__PROBLEM TO SOLVE__: Verbatim copy, pictures excluded: every line from the one with "EQUIPACIÓN OPCIONAL: Se" through the final line of the data below, and no other line.

__DATASET CONTENT__:
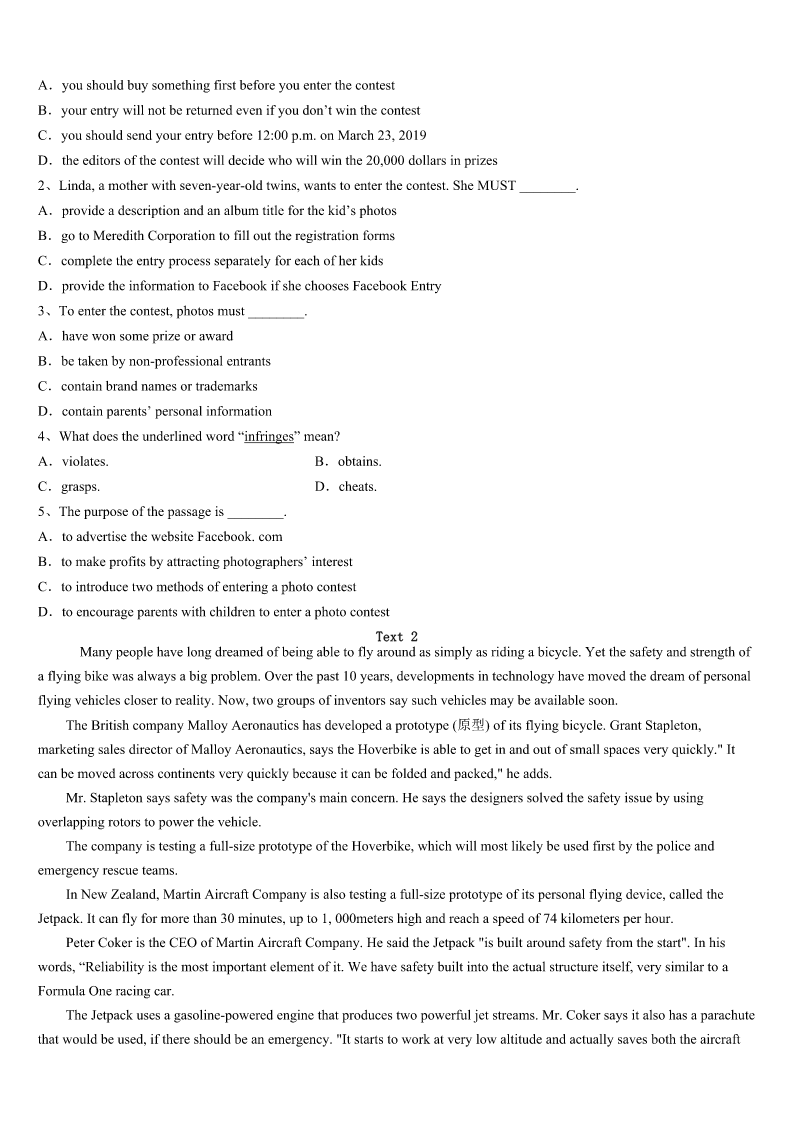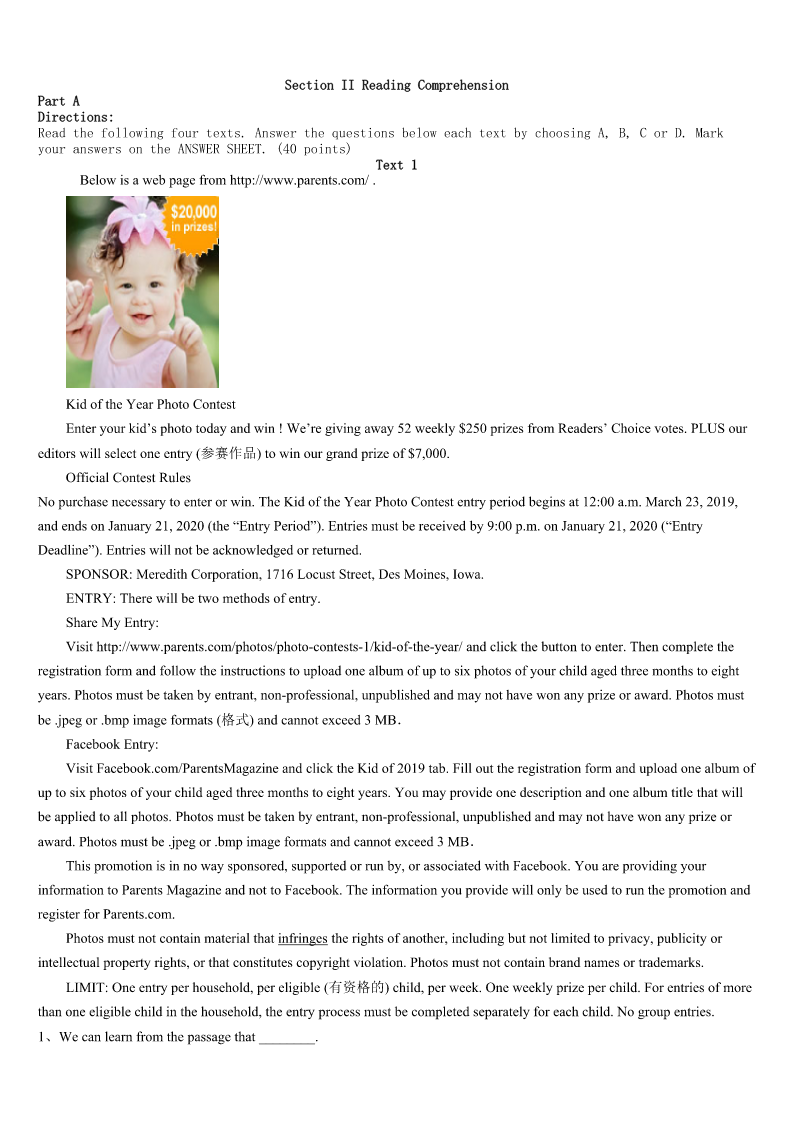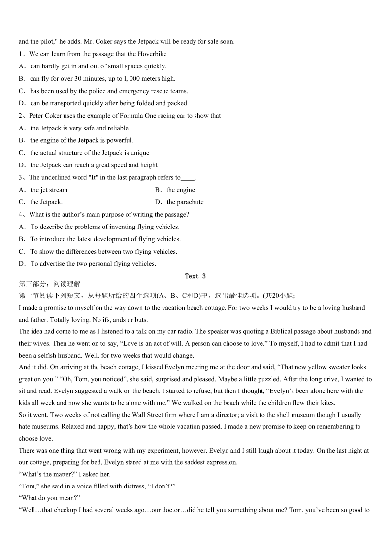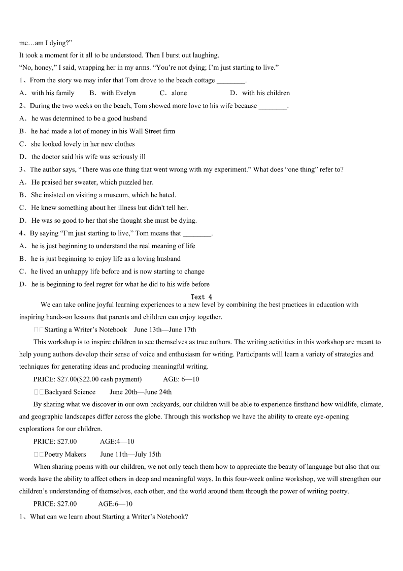 考研《英语一》甘肃省酒泉市金塔县2023年高分通关卷 SectionIUseofEnglish Directions: Readthefollowingtext.Choosethebestword(s)foreachnumberedblankandmarkA,B,CorDonthe ANSWERSHEET.(10points) Myhusbandhasalwayshadahugeaffectionforolderpeopleandhashelpedoutseveralelderlyfriendsinthepast.Mr.Dave 1thesamelakeasmyhusbandJohnforover15years.Afriendship2butwhenMrs.Davediedfiveyearsago,itleftMr. Dave3SoJohntookMr.Davefishingwithhimeverytimehewent.Mr.Davewasvery4for80yearsoldandnevertired ofbeingwithJohn. AfewyearslaterMr.Davehadastroke(中风)thatparalyzed(麻痹)hisrightside.Helosthisspeechandwas5,Mr.Dave begantosufferfrom6 ThisalmostbrokeJohn’sheart.Hefinallygot7fromthenursinghometotakeMr.Daveoutforaride.Theywereboth8 tobetogetheragainbutitwasverypainfulforMr.Davetobe9intoJohn’struck.Becausehewasparalyzedononeside. The10ofthatsidepulledheavilyonhisgoodside. Johnhadgottenhistruckayearearlier,arealcowboyCadillac,11wasthetruckofhisdreams.Butonedayhe12itsohe couldbuyavan(厢式货车)thatwas13forawheelchair.Thevanisn’tsportyorfastbutitsurely14Mr.Dave’spainon theiroutings. Johnhasmadea15fishingrodthatMr.Davecanuse,16theystillgofishingtogether.EventhoughMr.Davecan’t17, hehasledthenursinghomestafftobelieveJohnishisson.Idon’tknowanyonewhowould18theirprizedpossessionto helpafriend.Ihopehecanbeanexampleforotherstotakesimilarstepsto19thosewhoareinneed. 1、A.swamB.playedC.fishedD.visited 2、A.destroyedB.developedC.disappearedD.increased 3、A.disabledB.sleeplessC.homelessD.alone 4、A.happyB.energeticC.proudD.powerful 5、A.putintoB.keptawayC.lockedinD.pickedup 6、A.sleepB.communicateC.eatD.think 7、A.weaknessB.starvationC.depressionD.pressure 8、A.donationB.supportC.mercyD.permission 9、A.sadB.excitedC.desperateD.lucky 10、A.liftedB.invitedC.ledD.pushed 11、A.painB.fleshC.strengthD.weight 12、A.thatB.whichC.whatD.it 13、A.fixedB.repairedC.remadeD.sold 14、A.createdB.equippedC.changedD.decorated 15、A.overcomesB.removesC.reducesD.relaxes 16、A.expensiveB.beautifulC.strongD.special 17、A.butB.orC.soD.and 18、A.walkB.talkC.escapeD.hear 19、A.giveupB
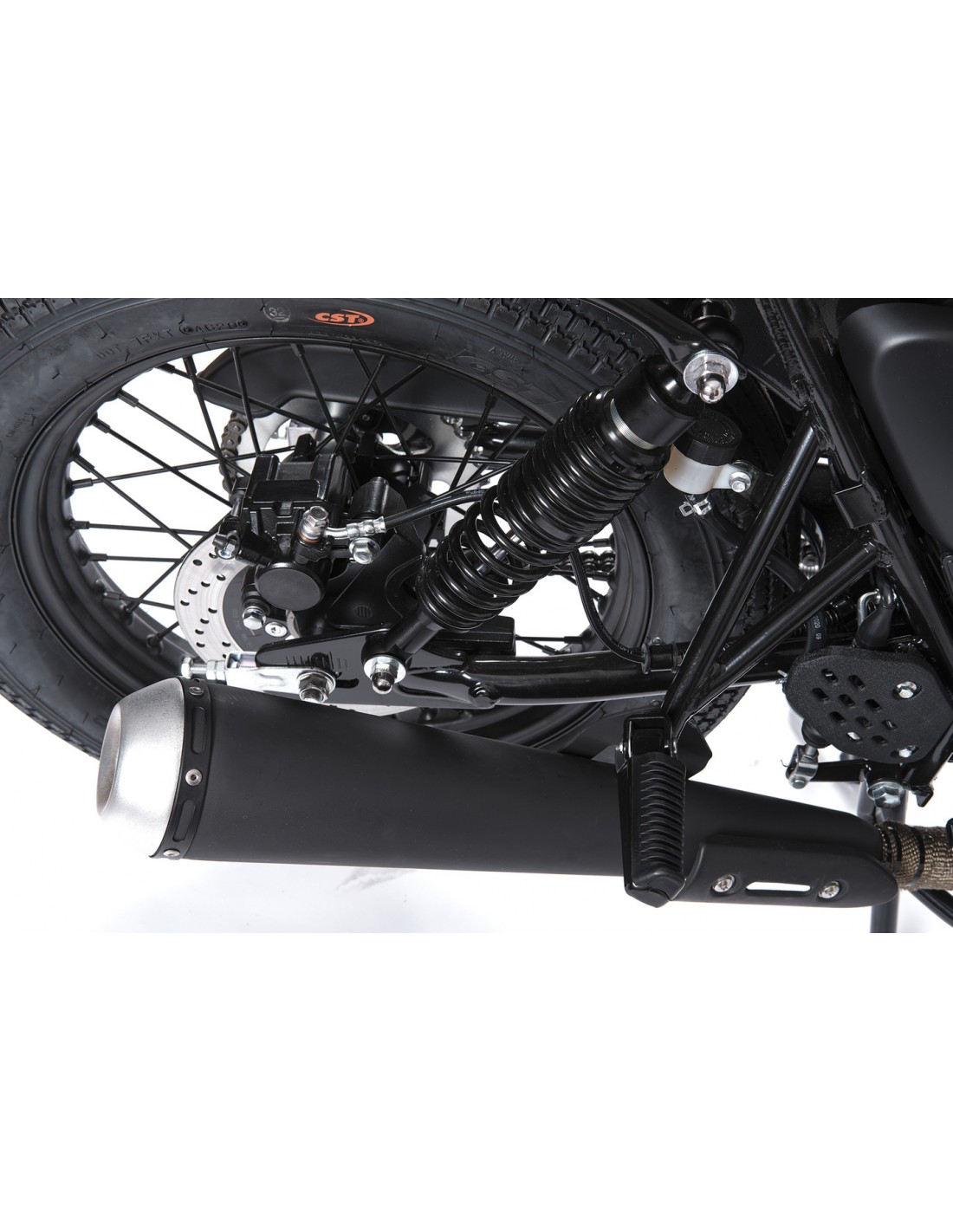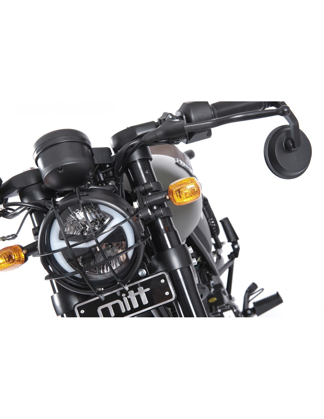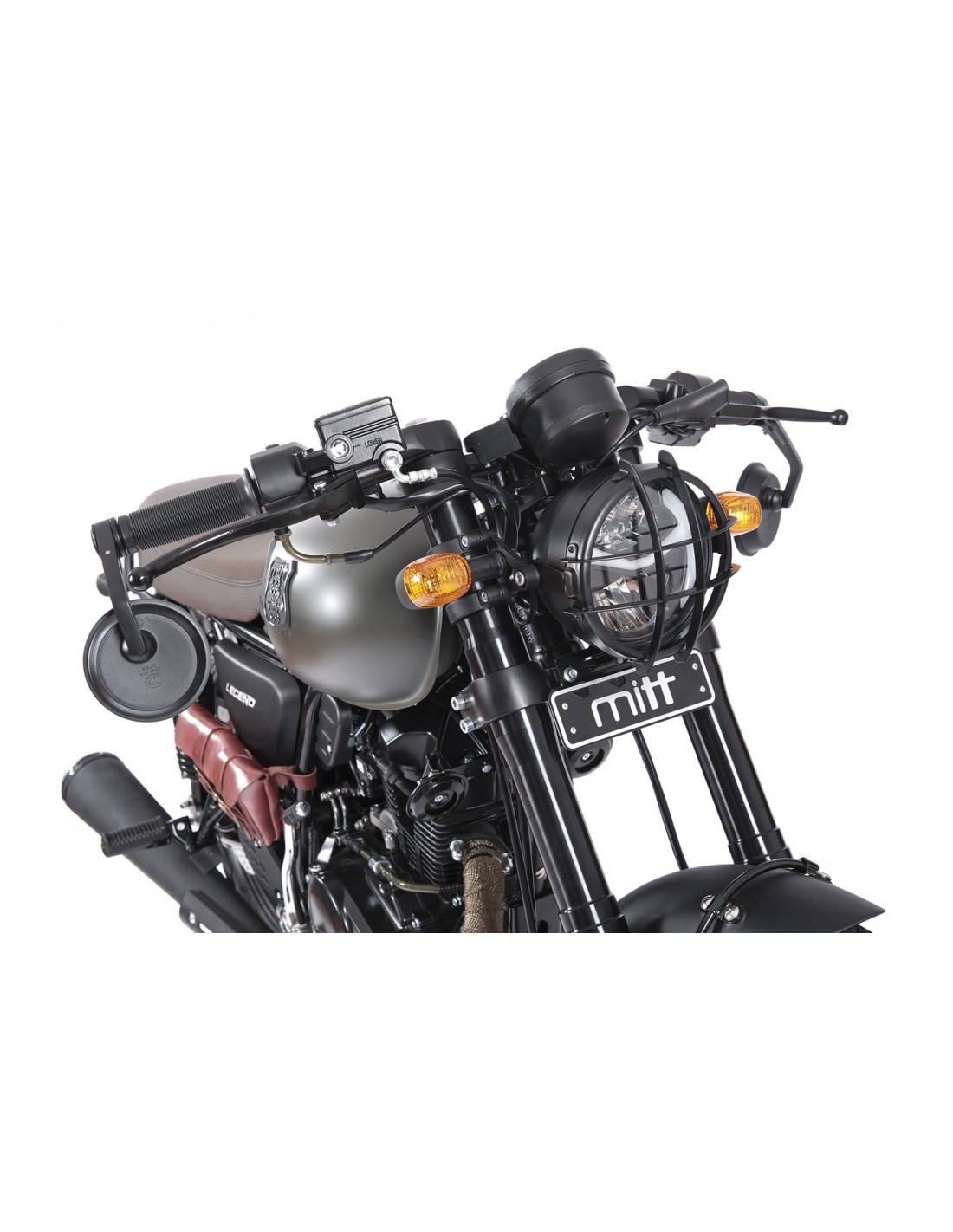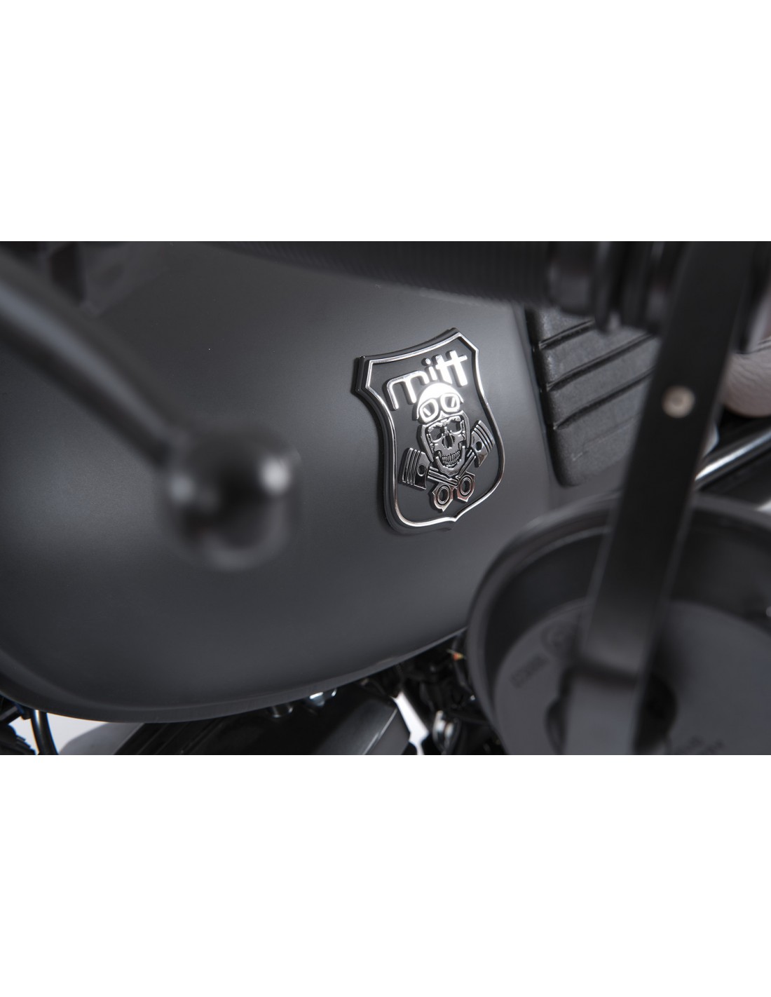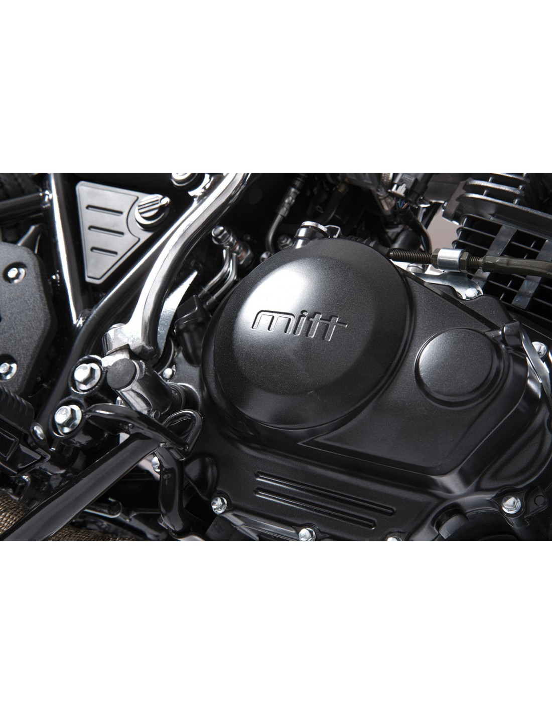 EQUIPACIÓN OPCIONAL: Se puede equipar con los accesorios opcionales que ofrece MITT: una alforja lateral, un protector para el faro y una cinta anti-calórica para el colector del escape.
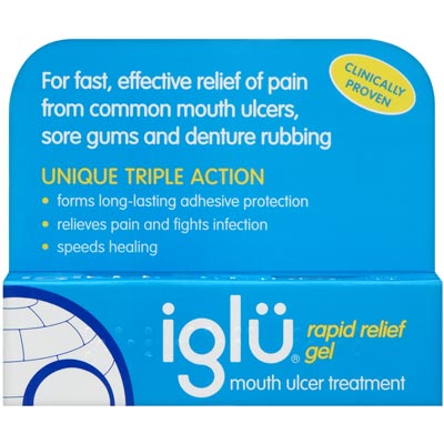 Igl Rapid Relief Gel Igl Rapid Relief Gel is a treatment for fast, effective relief from the pain of common mouth ulcers, sore gums and denture rubbing. Suitable for adults and children over 7 years, it works in three ways:It forms a gel coating to protect the sensitive and delicate area of the mouth lining as it heals.It contains lidocaine hydrochloride, a local anaesthetic to stop the pain.It contains aminoacridine hydrochloride, an antiseptic to prevent infection.

__ANSWER AREA__:
 EQUIPACIÓN OPCIONAL: Se puede equipar con los accesorios opcionales que ofrece MITT: una alforja lateral, un protector para el faro y una cinta anti-calórica para el colector del escape.
 Igl Rapid Relief Gel Igl Rapid Relief Gel is a treatment for fast, effective relief from the pain of common mouth ulcers, sore gums and denture rubbing. Suitable for adults and children over 7 years, it works in three ways:It forms a gel coating to protect the sensitive and delicate area of the mouth lining as it heals.It contains lidocaine hydrochloride, a local anaesthetic to stop the pain.It contains aminoacridine hydrochloride, an antiseptic to prevent infection.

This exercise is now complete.